• [ASSIGNMENT]:
Quote the data exactly, first line to the line containing "The smoker features", with no pictures.

• [EXERCISE MATERIAL]:
_ _ _ _
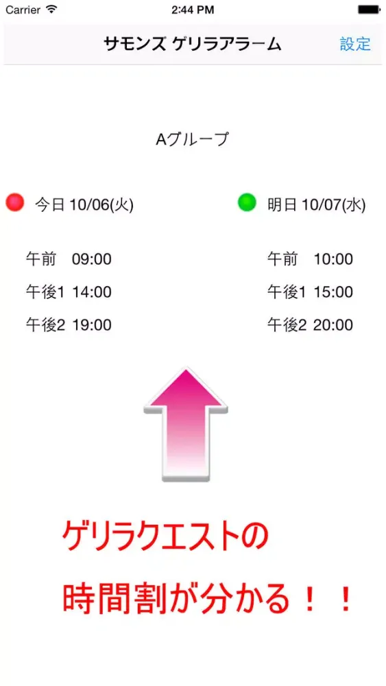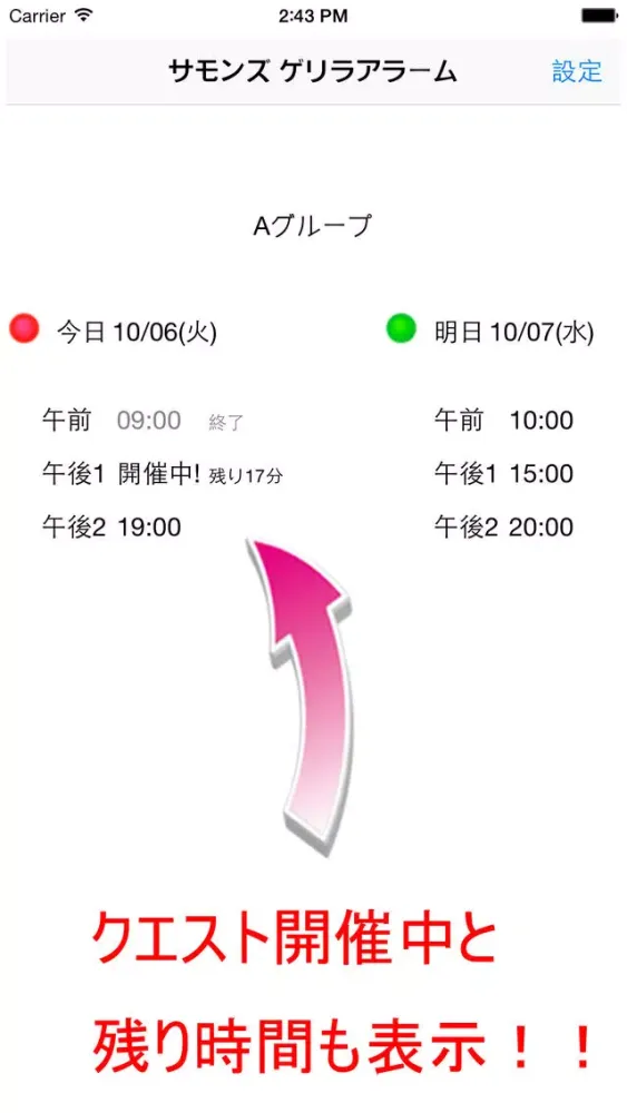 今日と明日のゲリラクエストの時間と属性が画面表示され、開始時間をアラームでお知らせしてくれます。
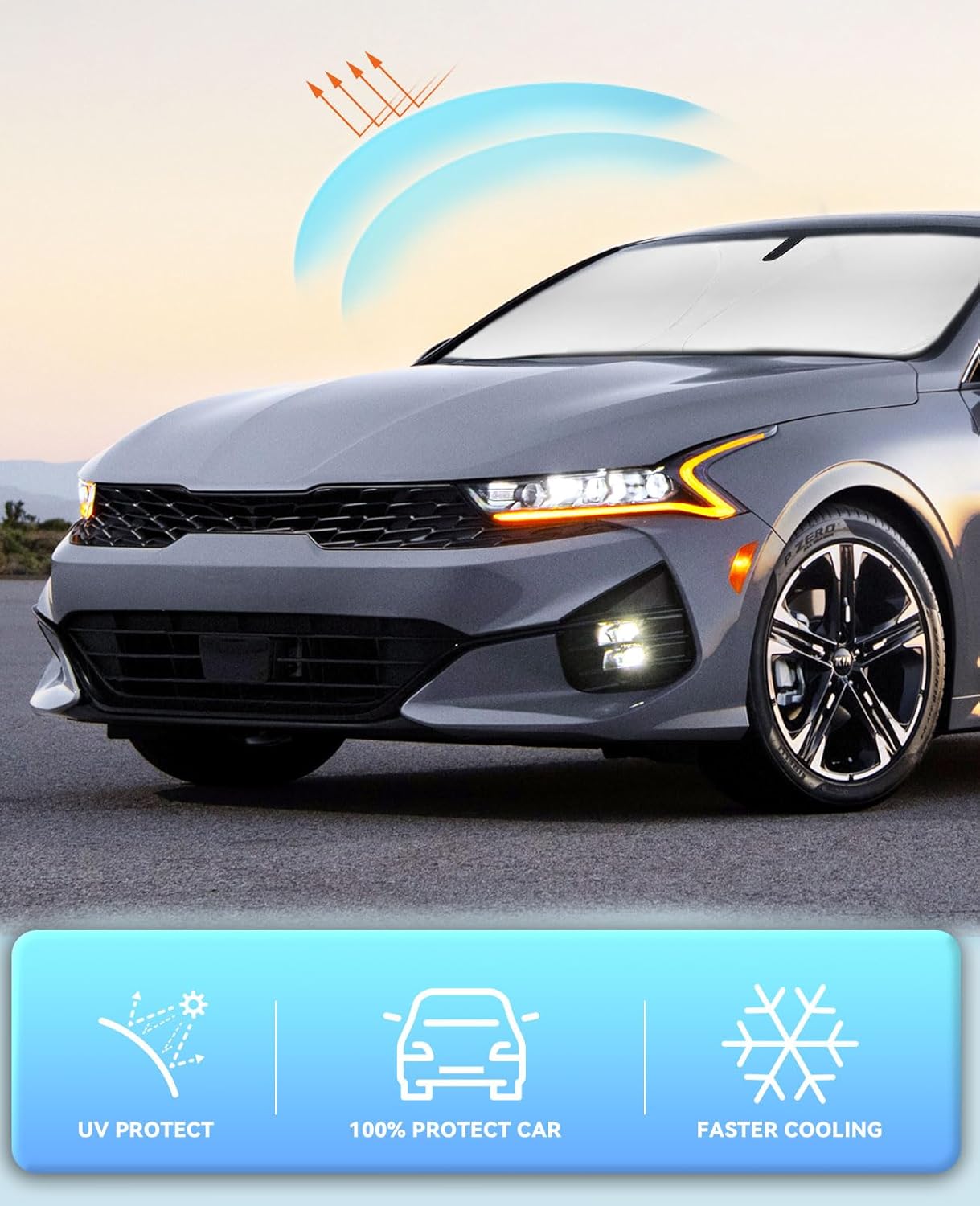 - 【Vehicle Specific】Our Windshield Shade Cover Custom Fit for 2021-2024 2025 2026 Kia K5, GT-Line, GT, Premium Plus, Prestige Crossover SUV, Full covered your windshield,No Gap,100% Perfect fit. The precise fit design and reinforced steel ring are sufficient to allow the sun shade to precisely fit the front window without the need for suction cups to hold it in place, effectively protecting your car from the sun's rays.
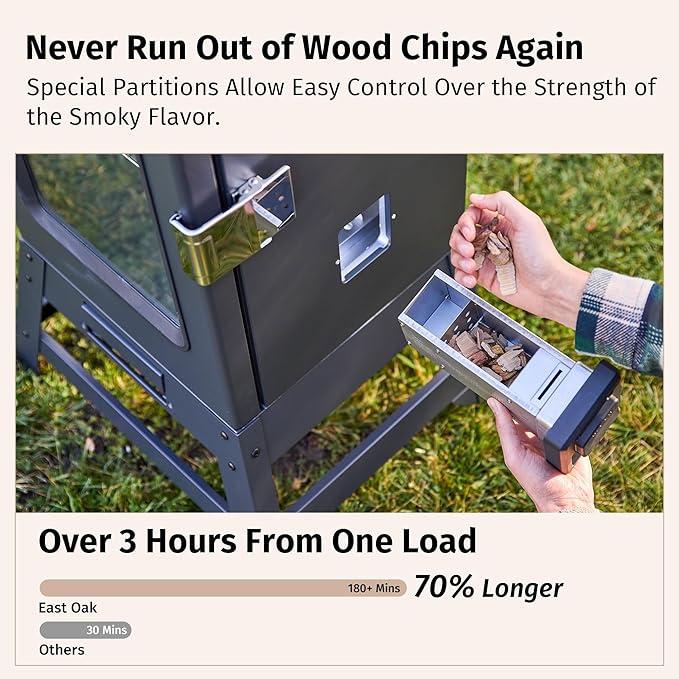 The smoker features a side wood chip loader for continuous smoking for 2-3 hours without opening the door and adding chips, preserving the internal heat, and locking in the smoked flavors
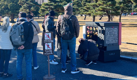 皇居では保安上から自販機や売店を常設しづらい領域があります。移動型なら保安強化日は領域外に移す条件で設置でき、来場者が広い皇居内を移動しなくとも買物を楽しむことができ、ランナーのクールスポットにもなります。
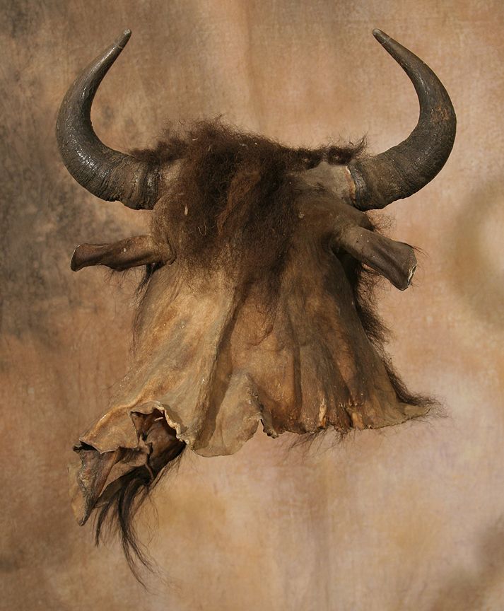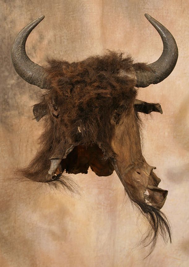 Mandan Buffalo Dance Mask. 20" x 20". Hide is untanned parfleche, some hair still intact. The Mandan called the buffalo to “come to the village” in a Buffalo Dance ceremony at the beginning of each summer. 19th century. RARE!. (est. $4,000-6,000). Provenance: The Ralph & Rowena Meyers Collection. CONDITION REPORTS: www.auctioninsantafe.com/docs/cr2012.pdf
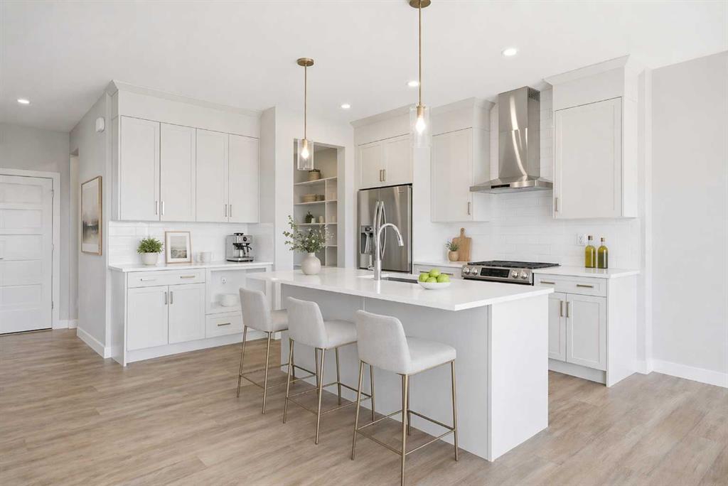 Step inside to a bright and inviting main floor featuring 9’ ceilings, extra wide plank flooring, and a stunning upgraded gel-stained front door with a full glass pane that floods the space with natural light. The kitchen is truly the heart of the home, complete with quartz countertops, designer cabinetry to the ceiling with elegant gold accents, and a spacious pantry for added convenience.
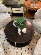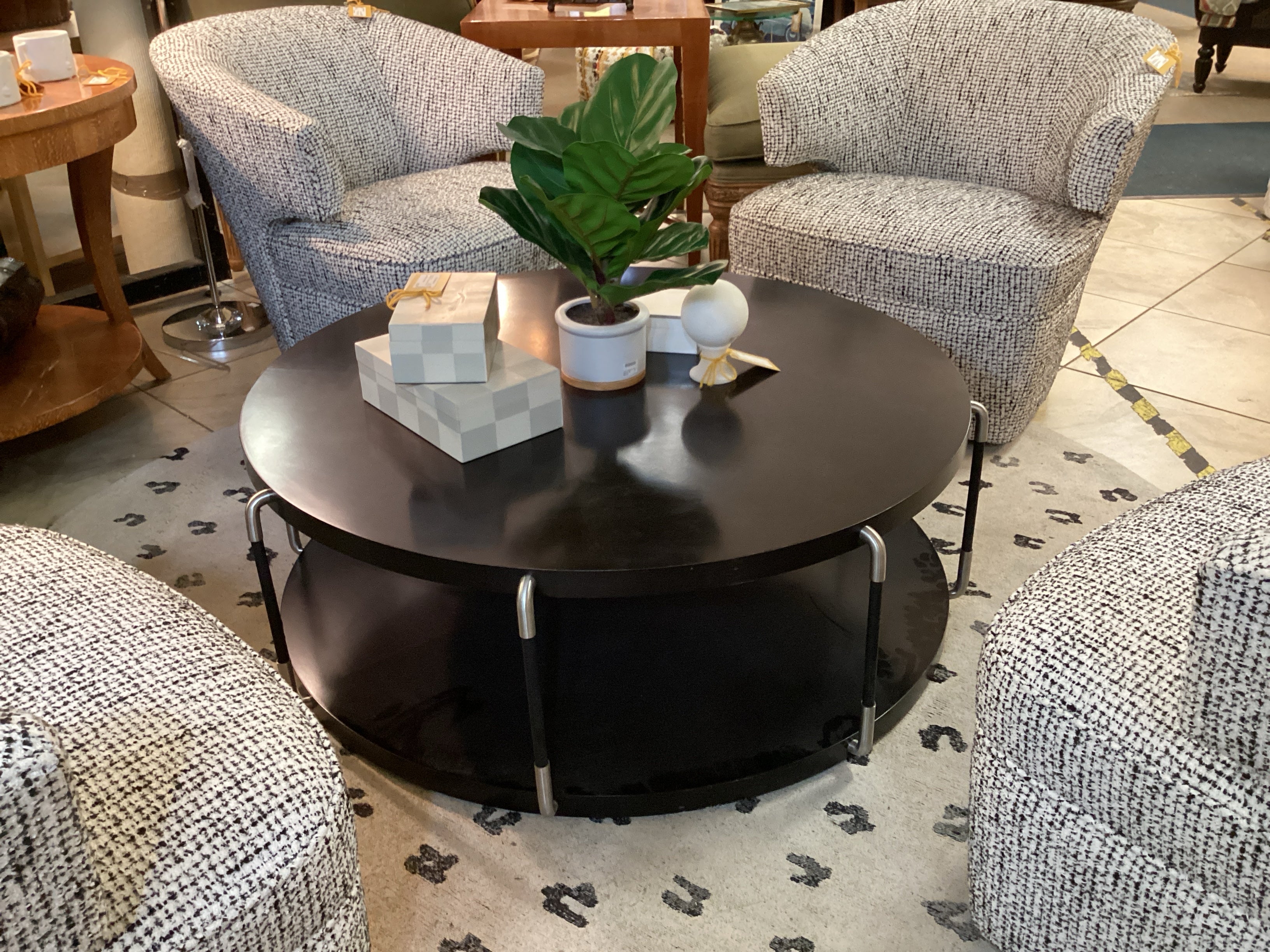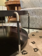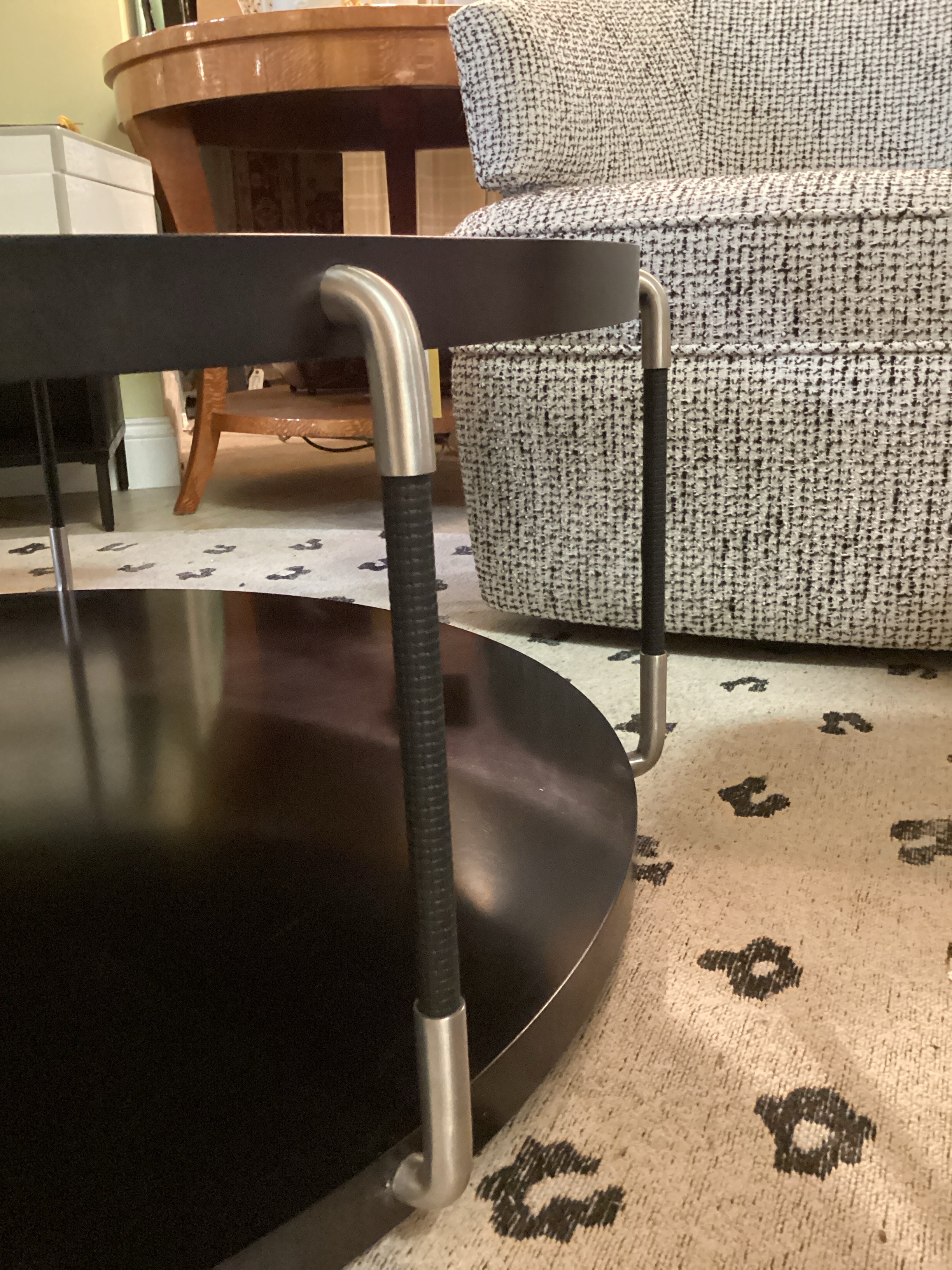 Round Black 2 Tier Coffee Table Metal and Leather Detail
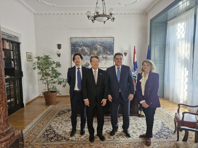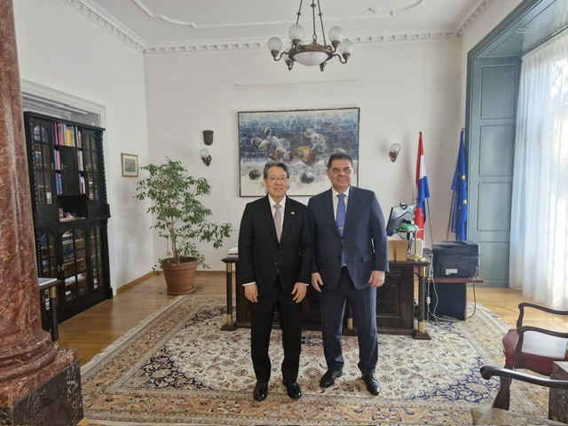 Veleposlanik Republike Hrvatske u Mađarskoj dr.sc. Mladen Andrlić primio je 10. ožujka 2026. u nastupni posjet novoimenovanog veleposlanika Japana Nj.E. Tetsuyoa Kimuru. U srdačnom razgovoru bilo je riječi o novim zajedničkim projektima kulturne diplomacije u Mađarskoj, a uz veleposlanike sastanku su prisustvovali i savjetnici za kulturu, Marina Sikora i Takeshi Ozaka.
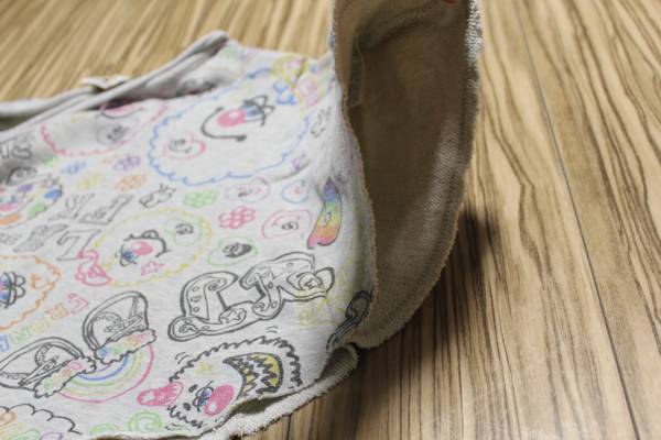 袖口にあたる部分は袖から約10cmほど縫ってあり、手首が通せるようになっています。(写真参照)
_ _ _ _
• [ANSWER SPACE]:
 今日と明日のゲリラクエストの時間と属性が画面表示され、開始時間をアラームでお知らせしてくれます。
 - 【Vehicle Specific】Our Windshield Shade Cover Custom Fit for 2021-2024 2025 2026 Kia K5, GT-Line, GT, Premium Plus, Prestige Crossover SUV, Full covered your windshield,No Gap,100% Perfect fit. The precise fit design and reinforced steel ring are sufficient to allow the sun shade to precisely fit the front window without the need for suction cups to hold it in place, effectively protecting your car from the sun's rays.
 The smoker features a side wood chip loader for continuous smoking for 2-3 hours without opening the door and adding chips, preserving the internal heat, and locking in the smoked flavors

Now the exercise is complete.